**Try it:**
Repeat word for word the lines from the one containing "Jättesöt vit blus" to the end of the material below, and leave all pictures out.

Start of Data below

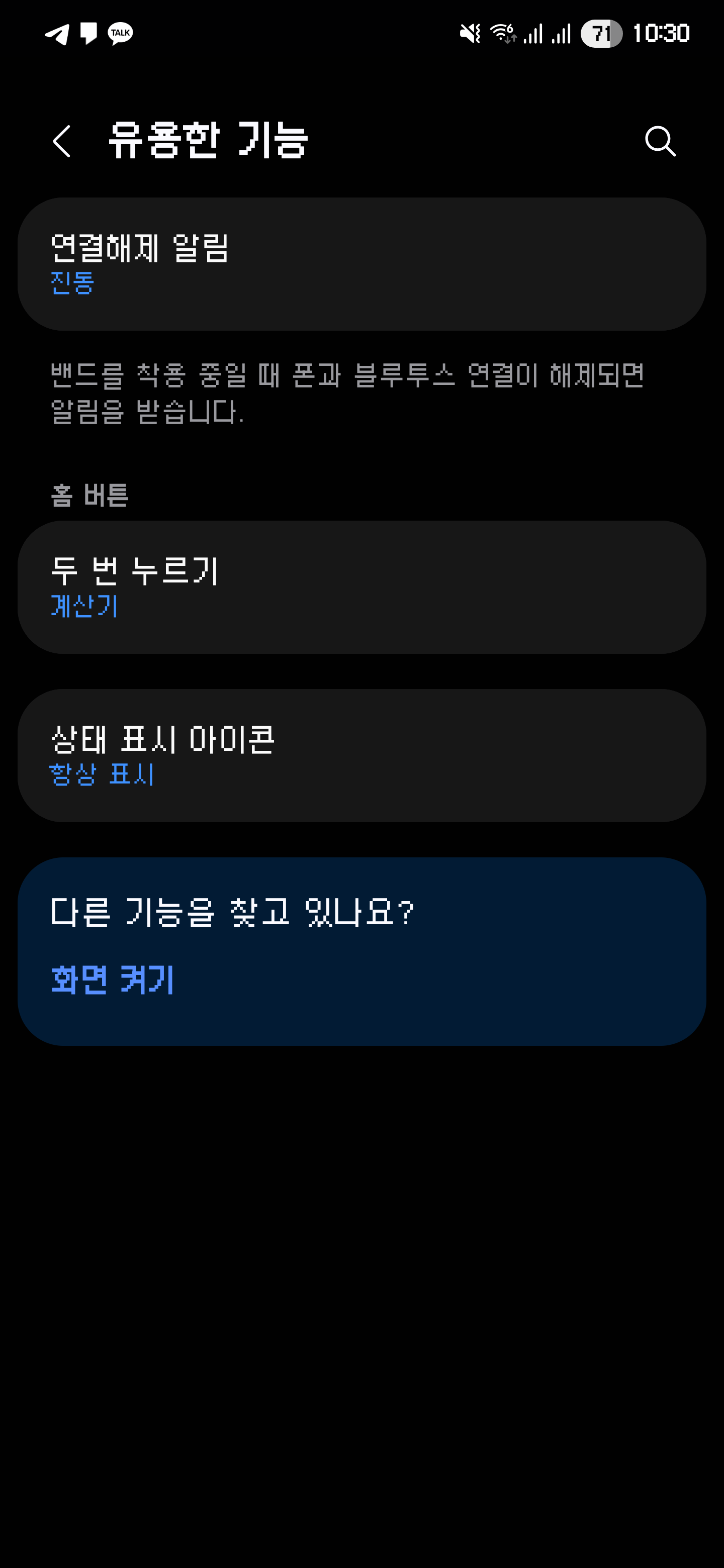 유용한 기능에서 '연결해제 알림' 기능을 활성화해 두면 폰을 놓고 이동하는 경우 알림이 오게 되므로 휴대전화의 분실 가능성을 조금 낮출 수도 있겠습니다.
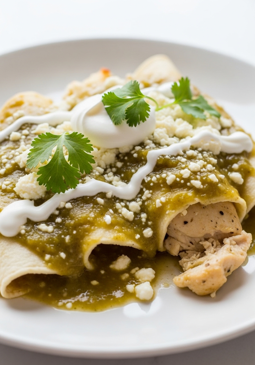 These Enchiladas Verdes, also known as Green Enchiladas, are a classic dish from Mexico that features soft white corn tortillas filled with succulent chicken breast and topped with zesty salsa verde and crumbled queso fresco. This delightful and genuine meal is not only quick to prepare but can be on your table in under an hour, making it a perfect choice for a delicious weeknight dinner.
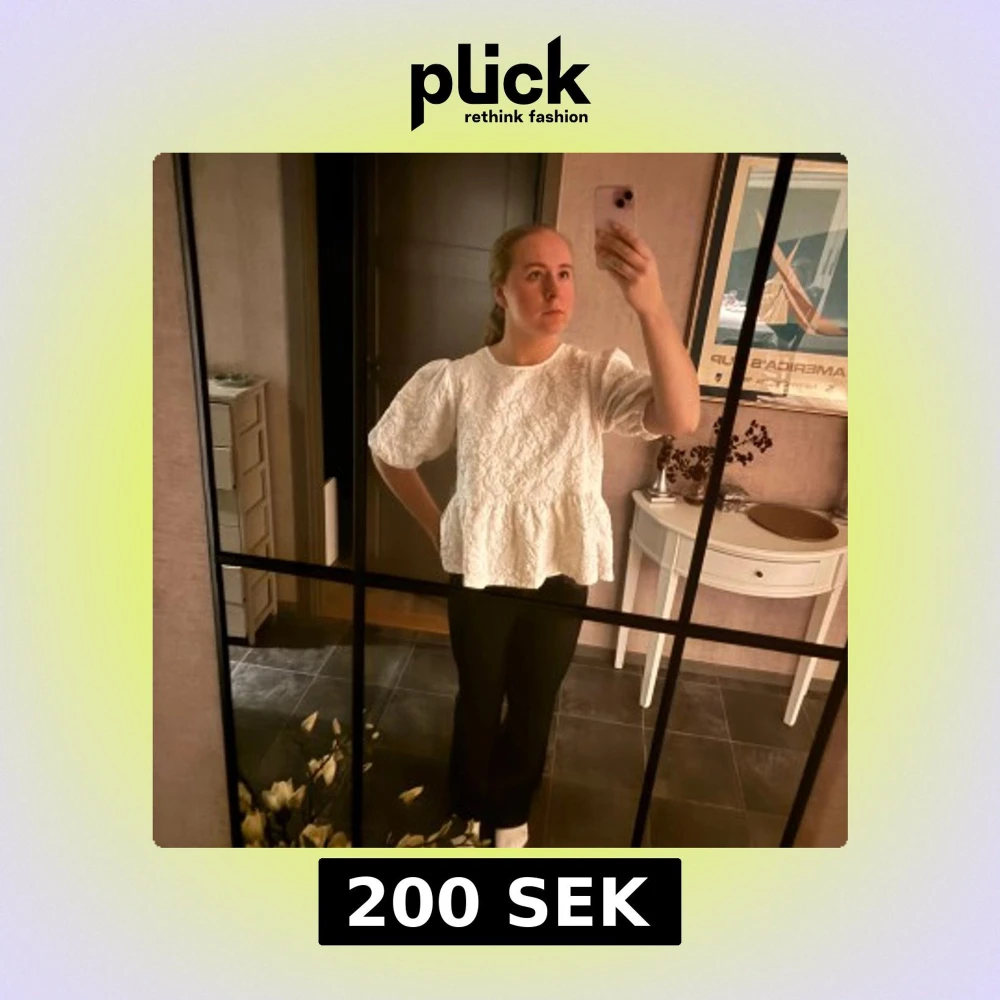 Jättesöt vit blus med puffiga kortärmar och rosetter i ryggen. Blusen har struktur och volang. Står L men skulle säga att den passar M mer
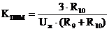 Широтно-імпульсний модулятор виконано на компараторі DA3 типу 521СА3(554СА3). За своїми параметрами даний компаратор підходить для роботи в схемі ІППН на частотах до 100 кГц. Обмежувальний подільник утворено двома резисторами R9 и R10. Струм подільника вибирається з наступних умов:

End of Data below

**Response:**
 Jättesöt vit blus med puffiga kortärmar och rosetter i ryggen. Blusen har struktur och volang. Står L men skulle säga att den passar M mer
 Широтно-імпульсний модулятор виконано на компараторі DA3 типу 521СА3(554СА3). За своїми параметрами даний компаратор підходить для роботи в схемі ІППН на частотах до 100 кГц. Обмежувальний подільник утворено двома резисторами R9 и R10. Струм подільника вибирається з наступних умов:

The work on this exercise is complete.